Twice this year, President Obama asked federal agencies to review regulations to ensure that they are not interfering with efforts to rebuild the U.S. economy. In January, he signed an executive order directing agencies to use the "least burdensome tools" that take "into account benefits and cost" and "[promote] economic growth … and job creation."
Either the Environmental Protection Agency didn't get the memo or it was lost under the growing stack of regulations the agency is advancing at record speed.
Last week, the EPA said it would soon release updated ozone regulations that are going to kill jobs and impose substantial costs on the U.S. economy—at least $90 billion, by its own estimates, and $1 trillion annually between 2020 and 2030 according to industry estimates.
"Good" ozone in the upper atmosphere protects us from ultraviolet radiation, but at ground level it can affect human health and is the main constituent of urban smog.
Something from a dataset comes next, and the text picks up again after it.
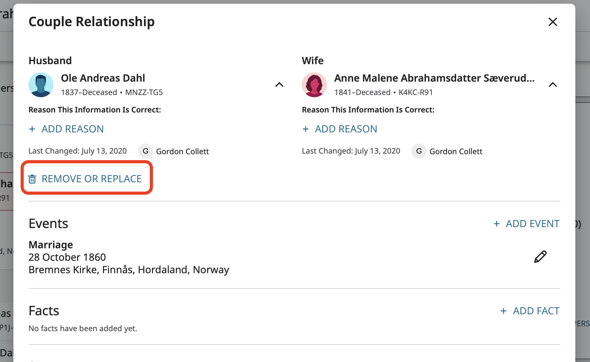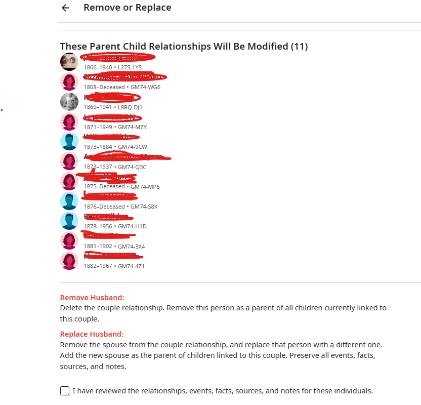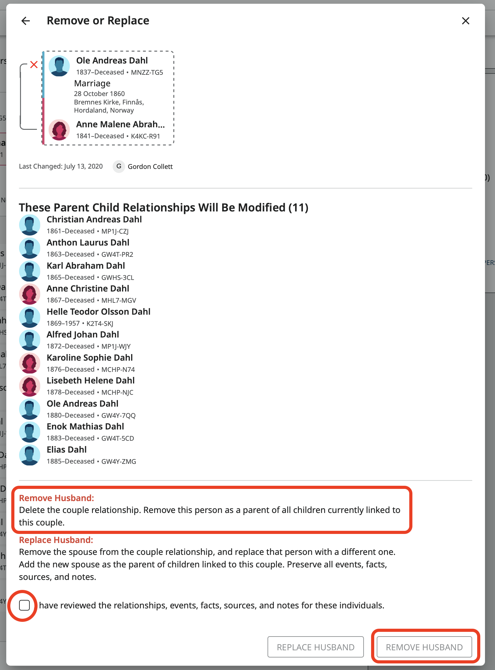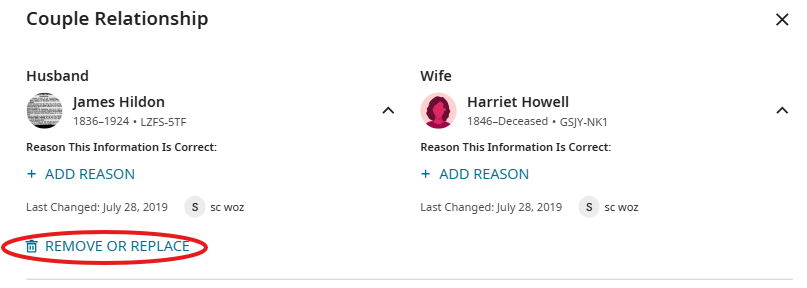 You will want to be sure the Remove Or Replace is under your father. That is why you need to start from the other man's profile.

This "bad" ozone comes mostly from vehicle exhaust and industrial emissions, but can also come from natural sources.
The EPA has already missed four self-imposed deadlines (most recently last month) to impose new standards. And environmentalists are not happy about this. Earthjustice and other environmental groups have demanded that the EPA immediately release their rule, stating that the agency "has run out of excuses for any more stalling on this decision."
But this is hubris. EPA is under no obligation to develop new regulations at this time. The Clean Air Act—the legal basis for most federal air quality regulations—requires the EPA to review national air quality standards every five years. If they find that current thresholds are detrimental to health, the EPA can go through the process of setting a new, scientifically-backed standard. The last time these standards were reviewed was three years ago. Legally, EPA is not obliged to initiate a review for another two years.
So, why is it doing so now? Is smog on the rise? Nope. According to the EPA, ozone levels have been falling year after year. Since 1980, ozone emissions have fallen by nearly 50 percent.